Cooking in a rice cooker is great. You get home from a long day. Throw everything in the cooker like a slow cooker, but in the time it takes the second pot to cook rice, dinner is served. You can go and work on other projects.
Here is my Chicken Adobo Rice Cooker Recipe.
- two chicken thighs de-boned and cut into cubes.
- 2-3 bay leaves
- ~1 tsp of black pepper corns
- as much garlic as you can stand.
- 1/4 cup of soy sauce
- 1/4 cup of cane vinegar
- 1/4 cup water
- 2 tbsp Oil or fat.
First start a pot of rice in the other rice cooker. If you do not have two? why not? My little red non-stick cooker was less that $20 at target, which caries the Aroma now, but the Rival is at amazon. It is not a Zojirushi, but it cooks chicken great. More on the worlds best rice cooker another day, but I only cook rice in my Zojirushi so far.

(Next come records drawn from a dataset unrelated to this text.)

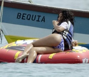 Artsita in varsta de 25 de ani s-a aratat intresata sa incerce cateva sporturi nautice si a fost ocazia perfecta pentru a-si expune conditia fizica de invidiat. Rihanna a slabit foarte mult in ultimul timp si chiar daca ea se declara nemultumita ca si-a pierdut formele generoase, silueta ei merita in continuare toata admiratia.
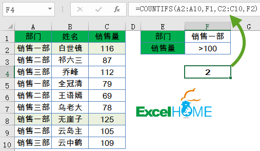 统计“A2:A10中的部门等于F1单元格指定的部门,并且C2:C10单元格区域中的销售量大于100”的个数,统计条件支持通配符。
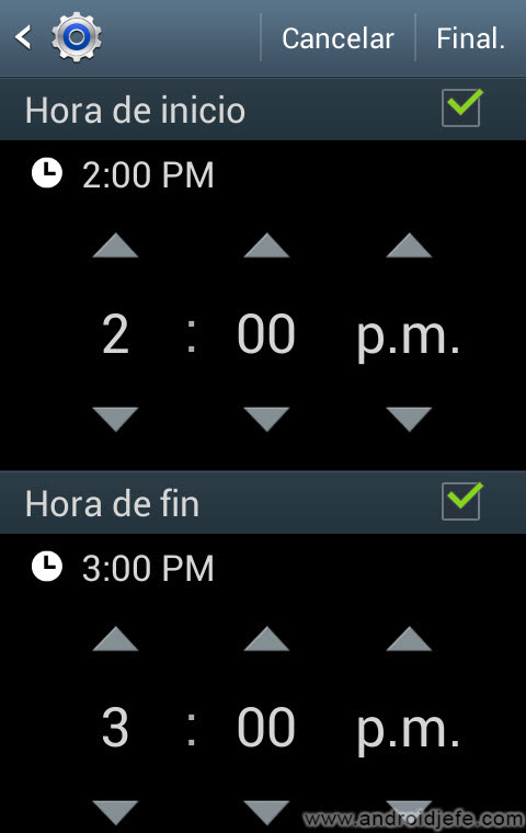 En este caso, la hora de inicio y fin corresponde a la hora en la que el WiFi se encenderá y apagará respectivamente. Si ambas están activadas, significa que el WiFi permanecerá activo en ese lapso de tiempo y fuera de ese horario se apagará. Si solo activas la casilla de inicio, se encenderá siempre a esa hora. Si activas sólo la casilla de fin, la WiFi se apagará siempre que llegue esa hora.
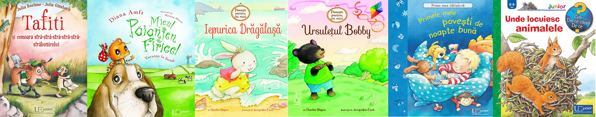 Tafiti și comoara stră-stră-stră-stră-stră-străbunicului, de Julia Boehme; Micul Păianjen Firicel. Vacanța la fermă, de Diana Amft; Iepurica Dragălașă, de Charles Ghigna; Ursulețul Bobby, de Charles Ghigna; Primele mele povești de noapte bună; Unde locuiesc animalele?.
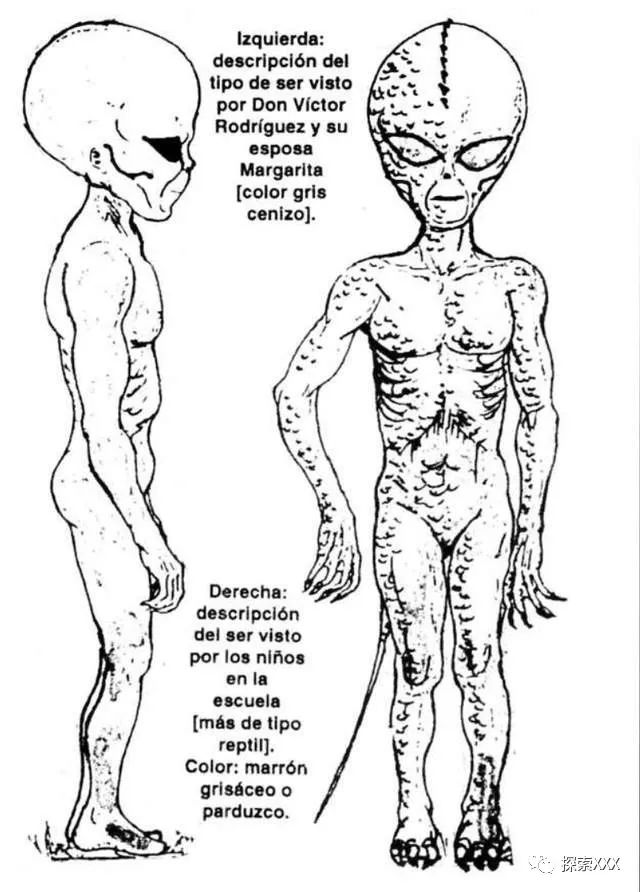 玛格丽塔补充道:“我们从来没有,从来没有见过这样的动物!”但他们两人都认为他们所看到的基本上与一种叫做“灰人”的类人生物的图片相似。维克多说他们曾经看到过奇怪的光球在他们的土地上,也看到过巨大的发光物体静止在佩列哈斯地区的空中,并且许多较小的发光物体从它们中出现,然后以极快的速度向各个方向消失。之后,大型发光物体会上升到更高的空中,也会消失。

Set up rice cooker and add Oil, bay leaves, pepper corns, and garlic. Push the button and put on the lid to “saute” the garlic and spices. If you lift the lid to stir you will likely have to hit the button again. While that is going cut up chicken. I normally freeze two boneless thighs in a easy to use single person portion. Two minutes in my tiny microwave is enough to allow me to cut them into cubes. 50% power or defrost in a normal microwave. They do not have to be completely unfrozen, and cut up easier if they are not. Once the chicken is ready into the rice cooker it goes. “saute” it briefly in the hot oil and spices. A little browning helps with texture, but I’m lazy just a stir and in goes the sauce. Add the soy sauce, vinegar, and water close the lid and wait for the rice in the other pot to finish.
There is a lot of talk about coconut milk which is not traditional(read not the way I grew up eating it), but makes a great addition to the sauce. Swap out the water for coconut milk to get a rich and creamy variation on the sauce.
Serve Chicken on top of hot steamed rice.